Data to examine:
--------

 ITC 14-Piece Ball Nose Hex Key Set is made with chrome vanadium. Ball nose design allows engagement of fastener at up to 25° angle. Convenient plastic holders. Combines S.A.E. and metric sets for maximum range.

--------

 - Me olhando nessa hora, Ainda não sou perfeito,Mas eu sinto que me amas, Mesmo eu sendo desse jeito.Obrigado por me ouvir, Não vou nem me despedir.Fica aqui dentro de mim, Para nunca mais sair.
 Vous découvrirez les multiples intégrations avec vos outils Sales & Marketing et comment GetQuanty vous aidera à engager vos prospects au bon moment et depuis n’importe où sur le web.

--------

Within the material above, output exactly the lines from the one with "- Me olhando" through the one with "Vous découvrirez les", end lines included, and nothing besides.

Answer to this exercise:
 - Me olhando nessa hora, Ainda não sou perfeito,Mas eu sinto que me amas, Mesmo eu sendo desse jeito.Obrigado por me ouvir, Não vou nem me despedir.Fica aqui dentro de mim, Para nunca mais sair.
 Vous découvrirez les multiples intégrations avec vos outils Sales & Marketing et comment GetQuanty vous aidera à engager vos prospects au bon moment et depuis n’importe où sur le web.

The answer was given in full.